Traceback (most recent call last):
  File "/usr/local/lib/python3.11/site-packages/aiohomekit/utils.py", line 40, in _handle_task_result
    task.result()
  File "/usr/local/lib/python3.11/site-packages/aiohomekit/controller/ip/pairing.py", line 421, in _process_config_changed
    await self.list_accessories_and_characteristics()
  File "/usr/local/lib/python3.11/site-packages/aiohomekit/controller/ip/pairing.py", line 177, in list_accessories_and_characteristics
    await self._ensure_connected()
  File "/usr/local/lib/python3.11/site-packages/aiohomekit/controller/ip/pairing.py", line 146, in _ensure_connected
    raise AccessoryDisconnectedError(
aiohomekit.exceptions.AccessoryDisconnectedError: Timeout while waiting for connection to device 192.168.86.46:80
bdraco commented 10 months ago

It looks like HA isn't fully shutting down the connection when its unpaired.

phybros commented 10 months ago

Is there anything I can do to confirm that @bdraco ?

Jc2k commented 10 months ago

If it's still doing pair verify after removing the integration and stopping after a restart then it's pretty much confirmed.

It's probably not been a problem before because most users add it once and don't need to remove it and add it again.

phybros commented 10 months ago

OK should I report this to HA then? What's the next thing to do for this issue?

Jc2k commented 10 months ago

No reporting it there would just ping the same people that you are speaking to here :) Just need to wait for someone to have time to look into it.

phybros commented 10 months ago

Haha ok no problem! Thanks for all your responses

phybros commented 9 months ago

Hey there! I have definitively confirmed that this can happen if the device is brand new and has never been paired with HA. Also this was on a completely fresh HA that has never paired any devices before. So it seems like it's not just pair-unpair scenario from above.

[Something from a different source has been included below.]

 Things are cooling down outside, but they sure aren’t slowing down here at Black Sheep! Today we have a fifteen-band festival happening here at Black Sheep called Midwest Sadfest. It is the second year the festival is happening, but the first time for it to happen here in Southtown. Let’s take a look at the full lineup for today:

phybros commented 9 months ago

To be clear I think that HA DOES continue to send messages to the device after unpairing it (sometimes), but it can ALSO fail on totally fresh pairing. I think they are related but separate bugs. The logs from the "fresh" scenario are identical to the ones I provided already - seems like multiple threads both trying to pair at the same time for some reason.

I've never had to debug anything this deep in HA before, but I'm going to try the dev env set up locally and see if I can do anything.